Значения атрибута значения, соответствующего заглушкам классификатора дерева решений, используемым с AdaBoostClassifier, не соответствуют ожиданиям, и я не могу определить, какие значения указывают. Я хотел бы понять значения, помогающие проанализировать поведение оценщика заглушки и тот вклад, который заглушки вносят в AdaBoostClassifier. Подобные вопросы к Stackoverflow не коррелируют с моими данными.
Информация о версии
- питон: 3.6.5
- sklearn версия: 0.20.2
Заглушки DecisionTreeClassifier сконфигурированы как:
number_estimators = 301
bdt= AdaBoostClassifier(DecisionTreeClassifier(max_depth=1),
algorithm="SAMME.R", n_estimators=number_estimators)

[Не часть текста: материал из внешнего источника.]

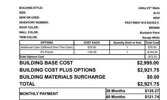 10x12 Utility Economy 69833Regular price $3,880.00 USDRegular priceUnit price / per$3,745.00 USDSale price $3,880.00 USD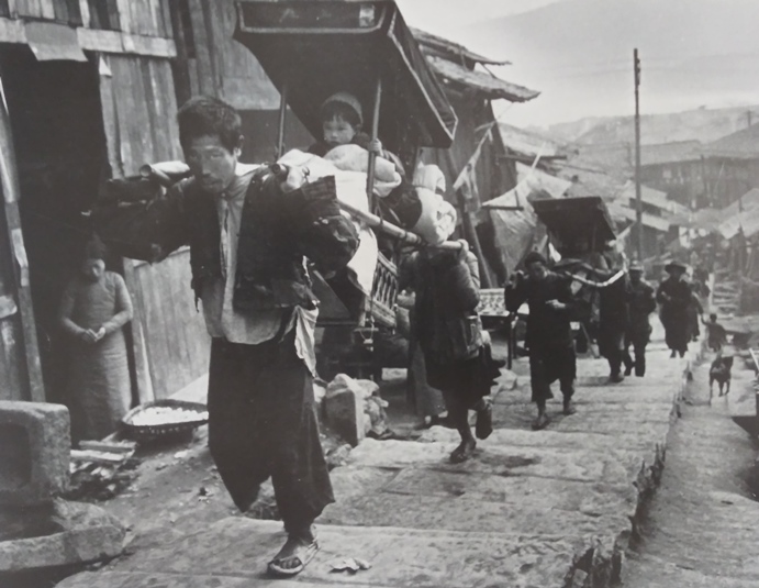 Chair carriers support travelers and their goods as they painstakingly make their way up the steep steps from the Kialing River in Chungking, 1941. And they didn’t even have Asics with good arch support. The provisional capital of China, not under Japanese occupation, would suffer from continuous terror bombing by the Japanese air force until 1943.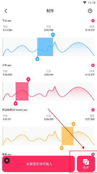 2、【音乐拼接串烧】不同的曲子修剪截取留下需要的部分,然后就像接绳子那样串连起来组合成新的曲子音频。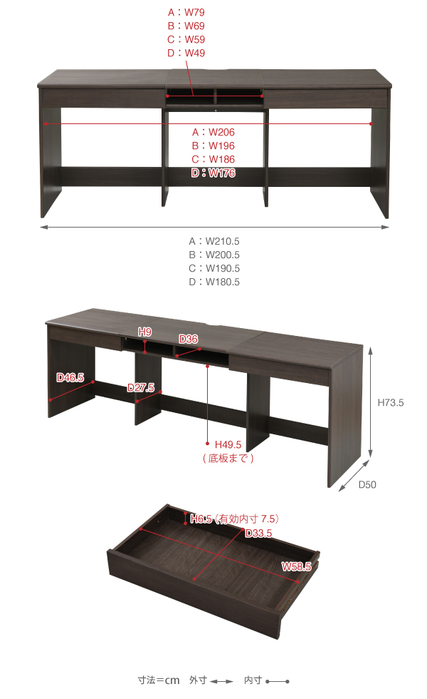 W180.5/190.5/200.5/210.5 x D50 x H73.5cm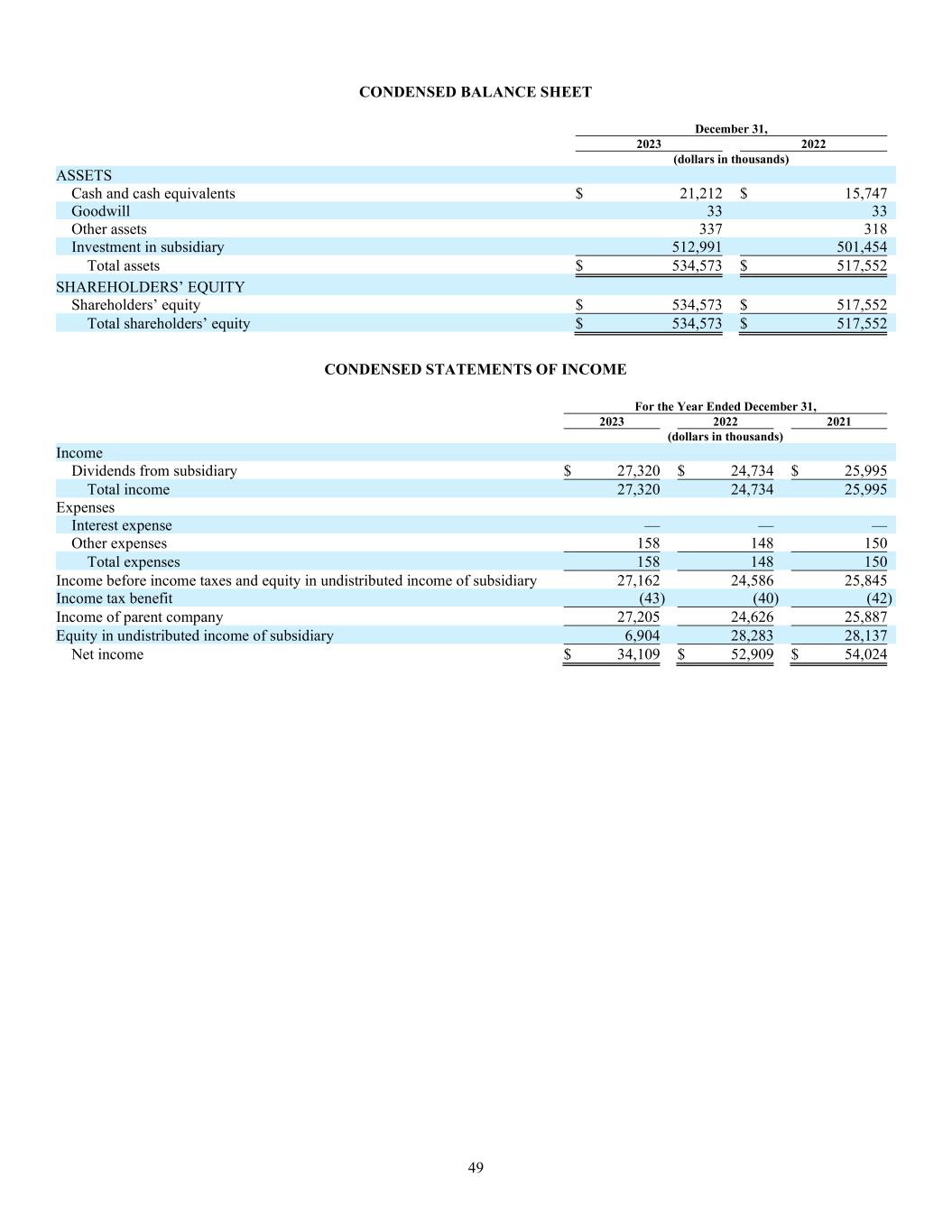 49 CONDENSED BALANCE SHEET December 31, 2023 2022 (dollars in thousands) ASSETS Cash and cash equivalents $ 21,212 $ 15,747 Goodwill 33 33 Other assets 337 318 Investment in subsidiary 512,991 501,454 Total assets $ 534,573 $ 517,552 SHAREHOLDERS’ EQUITY Shareholders’ equity $ 534,573 $ 517,552 Total shareholders’ equity $ 534,573 $ 517,552 CONDENSED STATEMENTS OF INCOME For the Year Ended December 31, 2023 2022 2021 (dollars in thousands) Income Dividends from subsidiary $ 27,320 $ 24,734 $ 25,995 Total income 27,320 24,734 25,995 Expenses Interest expense — — — Other expenses 158 148 150 Total expenses 158 148 150 Income before income taxes and equity in undistributed income of subsidiary 27,162 24,586 25,845 Income tax benefit (43) (40) (42) Income of parent company 27,205 24,626 25,887 Equity in undistributed income of subsidiary 6,904 28,283 28,137 Net income $ 34,109 $ 52,909 $ 54,024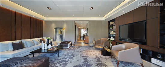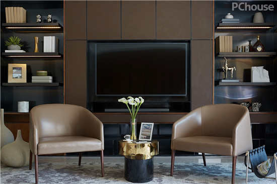 设计采用沉稳的木饰背景,与精心搭配的家居相互呼应,每个空间风格统一,连贯一体。大小分割的线条和韵律在空间中展开,墙体竖线分割,呈现立体层次。电视的摆放结合收纳及展示柜,美观、整齐而又实用。客厅在装饰材质的应用上也是相互呼应的,视觉上用深色背景配浅色家居,整体尽显和谐。

AdaBoostClassifier - это двоичный классификатор с выходными состояниями Class A и Class B (кодируется как +1 и -1). Тренировочный набор состоит из 23 функций, и классификатор работает нормально (точность прогноза, точность, вспомните все примерно 79%). Я анализирую пропущенные прогнозы, чтобы получить представление об ошибках классификации.
Есть 782 учебных образца.
Оценка 301 заглушки получена из AdaBoostClassifier через:
tree_stubs = bdt.estimators_
Пример заглушки, соответствующий 6-й оценке (список на основе 0):
bdt.estimators_[5]
DecisionTreeClassifier(class_weight=None, criterion='gini', max_depth=1,
max_features=None, max_leaf_nodes=None,
min_impurity_decrease=0.0, min_impurity_split=None,
min_samples_leaf=1, min_samples_split=2,
min_weight_fraction_leaf=0.0, presort=False,
random_state=421257592, splitter='best')
Значения для этой заглушки:
stub_5.tree_.value
array([[[0.5 , 0.5 ]],
[[0.29308331, 0.1861591 ]],
[[0.20691669, 0.3138409 ]]])
Для тех, кто знаком с графвизом, заглушка дерева выглядит так:
Корневой узел правильно отображает количество выборок (782). Атрибут значения указывает [0,5, 0,5]. Я ожидал, что атрибут value будет числом выборок в каждом классе, а не процентом. Но в корневом узле значения 0,5 отражают сбалансированный обучающий набор, который у меня есть, с равным представлением двух классов.
Теперь о проблеме. Функция разделения в этой заглушке делит выборки на основе значения delta_win_pct, которое меньше или равно пороговому значению -.001. Мой набор данных действительно имеет 385 выборочных записей, где delta_win_pct меньше этого порога, и 397 выборок, где delta_win_pct больше порога. Таким образом, данные образцов верны в левом и правом листовых узлах заглушки дерева.
Но данные значения кажутся неверными. В левом дочернем узле значения отображаются как значение = [0,293, 0,186], а в правом дочернем узле значение = [0,207, 0,314]. Обратите внимание, что это данные, сообщаемые классом sklearn.tree._tee.Tree, и они не указывают на какие-либо проблемы с graphviz.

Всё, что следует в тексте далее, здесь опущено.